Field-induced magnon decays in dipolar quantum magnets

TL;DR

This paper explores how long-range dipolar interactions influence magnon decay processes in two-dimensional quantum magnets, revealing unique decay behaviors and spectral singularities that differ from short-range interaction systems.

Contribution

It demonstrates that dipolar interactions significantly alter magnon decay conditions, introducing decay in staggered fields without a threshold and predicting spectral singularities due to topological transitions.

Findings

Magnons do not decay in uniform fields due to dispersion constraints.

Decays occur in staggered fields without a minimum threshold.

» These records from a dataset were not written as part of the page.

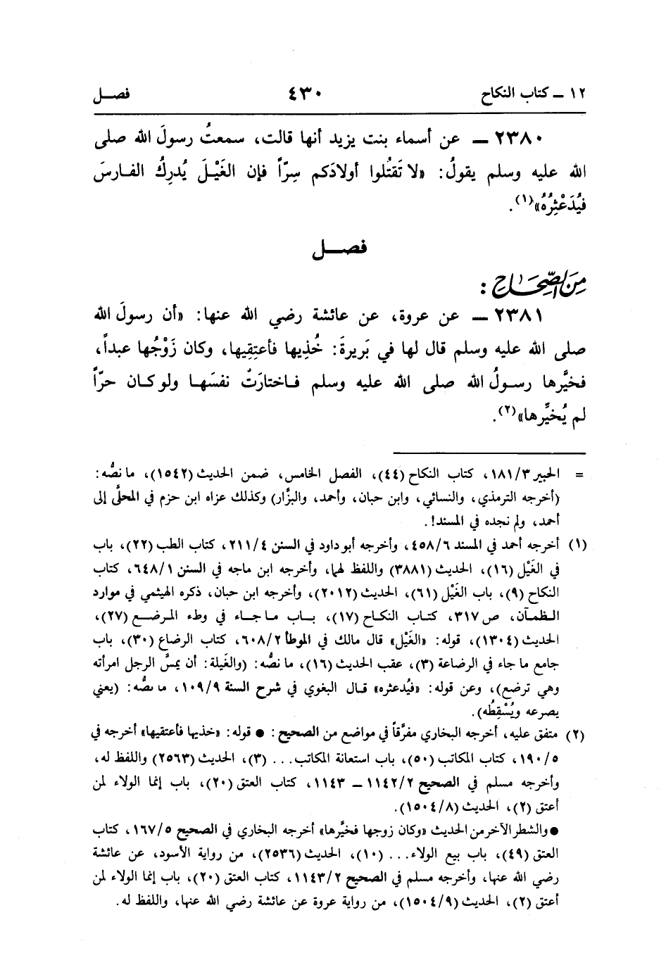 2381 - عن عروة، عن عائشة رضي اللَّه عنها: "أنَّ رسولَ اللَّه صلى اللَّه عليه وسلم قال لها في بَريرةَ: خُذِيها فأعتِقِيها، وكان زَوْجُها عبدًا، فخيَّرها رسولُ اللَّه صلى اللَّه عليه وسلم فاختارَتْ نفسَها ولو كان حرًّا لم يُخيِّرها" (¬2).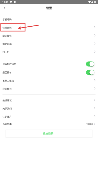 3、在设置页面,点击修改密码选项,进入密码修改页。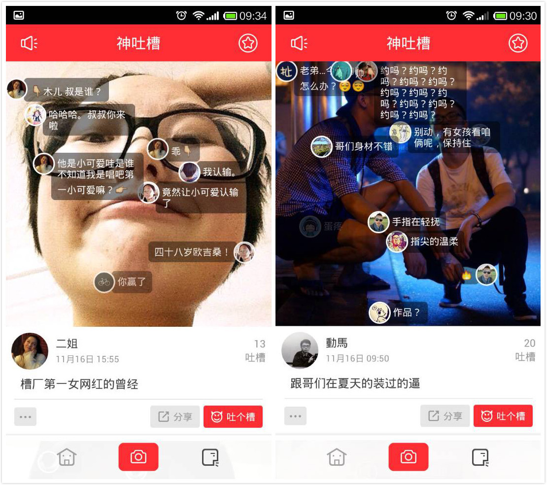“槽厂”是一款图片弹幕应用,类似视频弹幕哔哩哔哩的静态版。弹幕作为增强移动端社区参与感的流行手法,现已被越来越多要转战社交的媒体属性产品采用,比如节操精选即从图文“弹幕”玩起了互动;电影截图 + 评注的“图解电影”也是以静态弹幕为特色。

Spectral singularities arise from topological transitions in decay surfaces.

Abstract

We investigate the spontaneous disintegration of magnons in two-dimensional ferromagnets and antiferromagnets dominated by long-range dipolar interactions. Analyzing kinematic constraints, we show that the unusual dispersion of dipolar ferromagnets in a uniform magnetic field precludes magnon-decay at all fields, in sharp contrast to short-range exchange-driven magnets. However, in a staggered magnetic field, magnons can decay in both dipolar ferromagnets and antiferromagnets. Remarkably, such decays do not require a minimum threshold field, and happen over a nearly fixed fraction of the Brillouin Zone in the XY limit, highlighting the significant role played by dipolar interactions. In addition, topological transitions in the decay surfaces lead to singularities in the magnon spectrum. Regularizing such singular behavior via a self-consistent approach, we make predictions for dynamical spin correlations accessible to near-term quantum simulators and sensors.